Wild Inside: Saving bog turtles at Zoo Knoxville
Zoo Knoxville has been leading the way in bog turtle conservation since 1986.
KNOXVILLE, Tenn. (WVLT) - Bog Turtles were discovered in Tennessee in 1985. Since then, Zoo Knoxville has been at the forefront of bog turtle conservation.
Steven Nelson is the Herpetology Collection & Conservation Manager at Zoo Knoxville.
“Bern Tryon was the former Director of Herpetology before his untimely passing in 2011,” said Nelson. “He started doing research and bringing these turtles and kind of just studying them.
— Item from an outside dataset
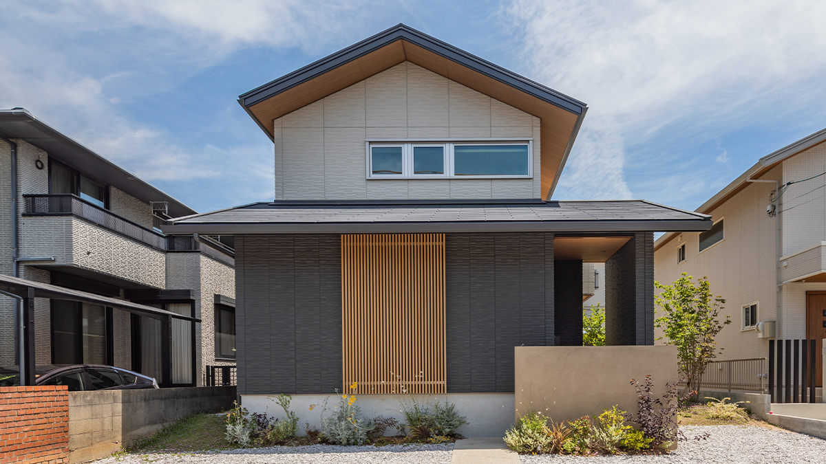 Tさまが建てられたのは、切妻屋根や大きな下屋に木調(diào)格子が情趣を添える和モダンのお住まい。三方を建物で囲まれた住宅地でありながら、LDKに入ると大きな吹き抜けから青空が広がり、思いがけないほどの開放感と明るさに包まれます。共働きのご夫妻は生活動線にも配慮し、家事が無駄なくスムーズにこなせる暮らしを?qū)g現(xiàn)。「回遊動線だから、子どももグルグルと走り回れて楽しそうです」と目を細(xì)めるTさまです。

So the zoo has had a very long-term, pretty significant program for bog turtles.”
Bog turtles are small, only growing to about the size of a fist.
“They can be 60-plus years old of that size, and they’re very habitat specific,” said Nelson.
Like they are named, bog turtles are fond in bogs and fens in Tennessee, but their native wetlands are disappearing.
“Their habitat has been severely impacted, either drained out for agricultural practices or houses, or poaching for the pet trade.”
The team at Zoo Knoxville is breeding bog turtles and putting them back into the wild, hoping to turn the tide for this critically endangered species.
“So these wetlands, sometimes there’s a little bit of muck and peat,” said Nelson. “These turtles rely on this muck and this peat to kind of vary into the ground to hide away from predators.”
Zoo staff recently went out to a bog to survey the bog turtles present.
“Some of the things that we do are overall population assessment of the turtles in Tennessee,” Nelson said. “It’s hard to protect and conserve what you don’t know is there, or how many are there.”
While trudging through the muck and looking for turtles is no small task, the zoo has also used technology to track the tiny turtles.
“We’ve done things like radio telemetry, which we put these little transmitters on the backs of turtles and track to see where they go,” said Nelson. “That’s actually led us to other bogs that we didn’t know existed.”